United States v. Sager

CourtNavy-Marine Corps Court of Criminal Appeals
DecidedDecember 29, 2015
Docket201400356
StatusPublished

This text of United States v. Sager (United States v. Sager) is published on Counsel Stack Legal Research, covering Navy-Marine Corps Court of Criminal Appeals primary law. Counsel Stack provides free access to over 12 million legal documents including statutes, case law, regulations, and constitutions.

Bluebook
United States v. Sager, (N.M. 2015).

Opinion

UNITED STATES NAVY-MARINE CORPS COURT OF CRIMINAL APPEALS WASHINGTON, D.C.

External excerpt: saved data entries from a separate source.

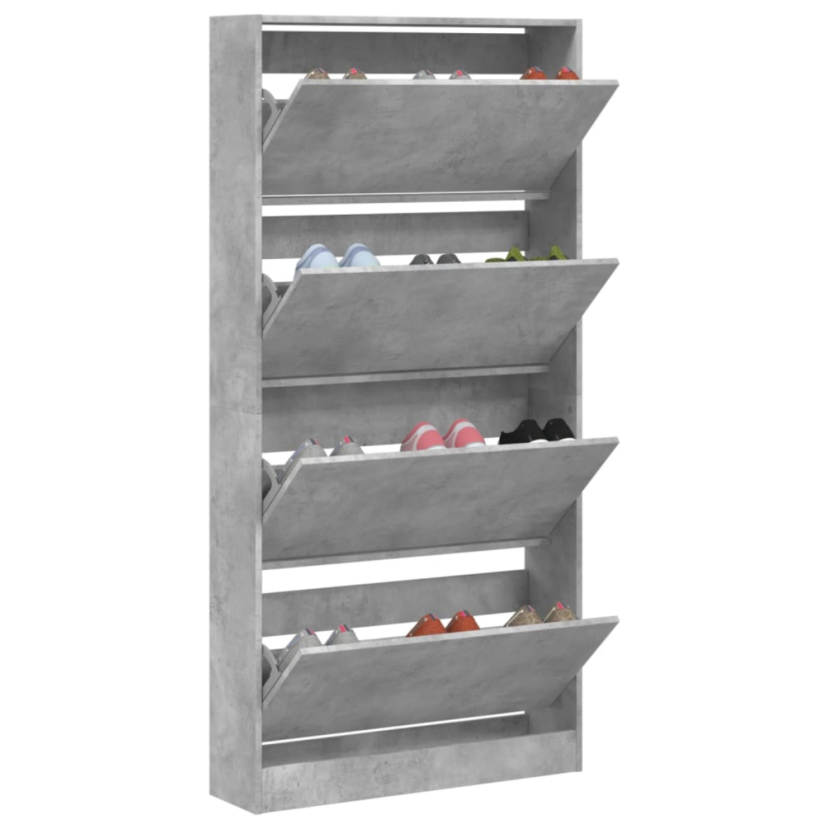 Keep your shoes well-organised and always at hand with this shoe cabinet! Durable material: The engineered wood is of exceptional quality with a smooth surface and features strength, stability and resistance to moisture.Space-saving design: The shoe rack makes optimal use of vertical space and takes up little floor space, which is especially suitable for small rooms.Ample storage space: The shoe storage cabinet features flip-drawers that keep your shoes invisible to offer a clean and clutter-free living area.Trendy design: The shoe cupboard features clean lines and a minimalistic look that add a modern touch to your existing decor. Warning:To prevent it being overturned, this product must be used with the provided wall attachment device. Good to know:Screws and plugs for inside the wall are not included. We advise to find and use screws and plugs suitable specifically for your walls. If you're not sure, you can consult with a professional. Please read and follow each step of the instructions.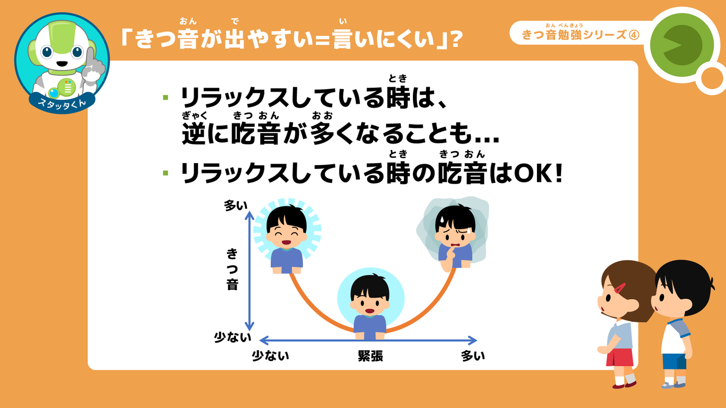スタッタくん: うん。もちろん、吃音のあるお友達は、「吃音が出やすい」と、言いにくくて、困る時が多いんだけど、吃音って、例えば、お家の人や親しい友達とおしゃべりするなどリラックスしている時に、多くなることもあるんだ。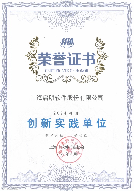 会议对2024年度为协会发展给予重点支持、做出突出贡献的会员单位进行了表彰。为了激发行业创新活力,表彰推动行业技术革新以及创新发展等方面发挥示范引领作用的企业,上海市软件行业协会设立了“创新实践单位”评选。启明自1988年创立以来,始终践行求真务实、发展创新的理念,不断地在实践中创新,被成功评选为高新技术企业、2024上海软件核心竞争力企业(创新型)、专精特新中小企业,证明了启明软件长期具有较强的技术创新能力和技术开发能力,也拥有较高的技术水平和产品技术含量。启明软件凭借过去一年在推动行业技术进步、助力产业生态建设的亮眼成绩,成功获评“创新实践单位”称号。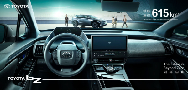 bZ,beyondZero,中文意为“超越零排放”,2021年10月末,丰田在海外对其正式发布。4月28日晚,当bZ4X在预售发布会上闪亮登场后,观者不禁发出感叹:“像一款概念车!”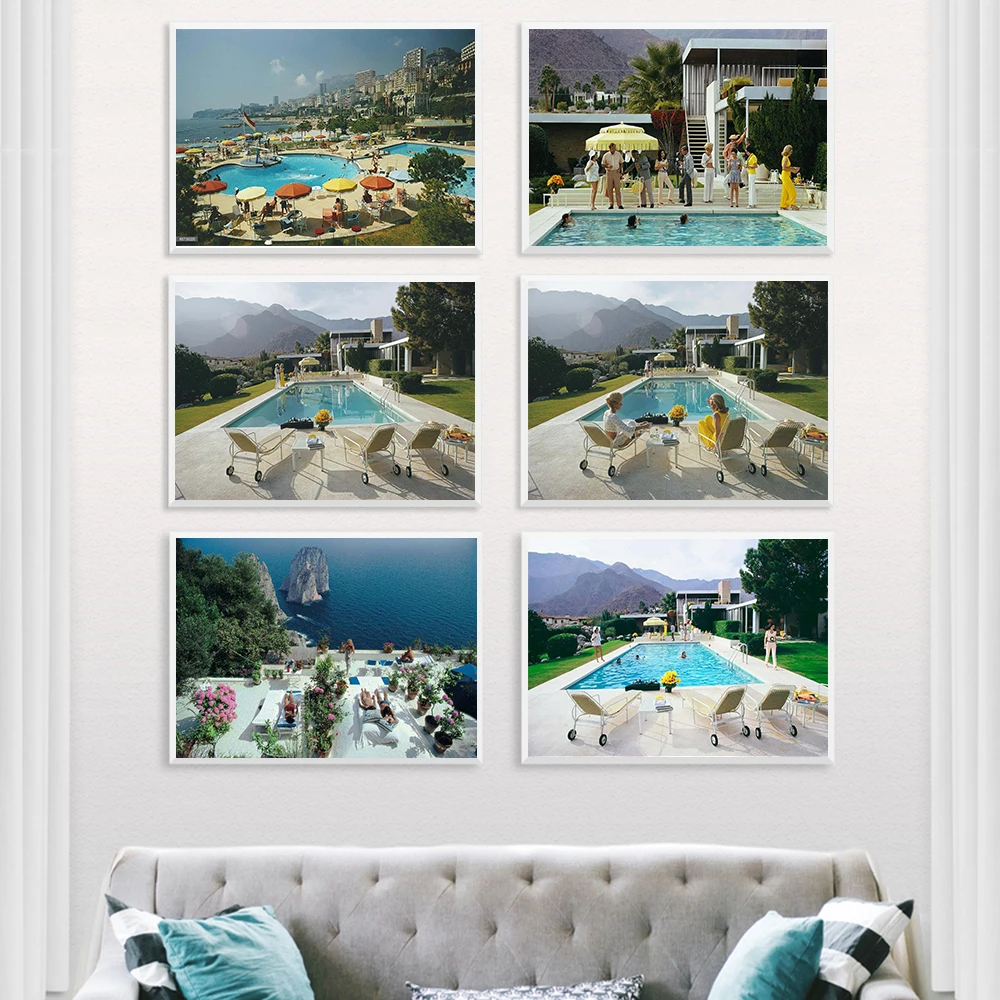 Гламурное искусство у бассейна, дом пустыни, принты, Картина на хол...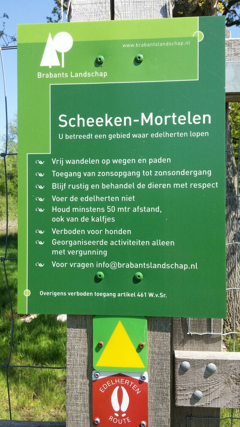 Via een tunnel onder de spoorlijn kom je in het gebied De Scheeken waar begin 2017 edelherten zijn uitgezet, 4 herten en 9 hindes. Er zijn inmiddels kalfjes geboren. Tijdens mijn wandeling heb ik één hinde gezien, een machtig groot dier. Helaas te ver weg om er een goede foto van te kunnen maken, maar wel goed kunnen bekijken met de verrekijker.

Before J.A. FISCHER, B.T. PALMER, T.H. CAMPBELL Appellate Military Judges

UNITED STATES OF AMERICA

v.

JEFFREY D. SAGER AVIATION ORDNANCEMAN AIRMAN (E-3), U.S. NAVY

NMCCA 201400356 GENERAL COURT-MARTIAL

Sentence Adjudge: 13 May 2014. Military Judge: CDR John A. Maksym, JAGC, USN. Convening Authority: Commander, U.S. Naval Forces Japan, Yokosuka, Japan. Force Judge Advocate's Recommendation: CDR T.D. Stone, JAGC, USN. For Appellant: LT David Warning, JAGC, USN. For Appellee: LCDR Keith Lofland, JAGC, USN; LT Amy Freyermuth, JAGC, USN.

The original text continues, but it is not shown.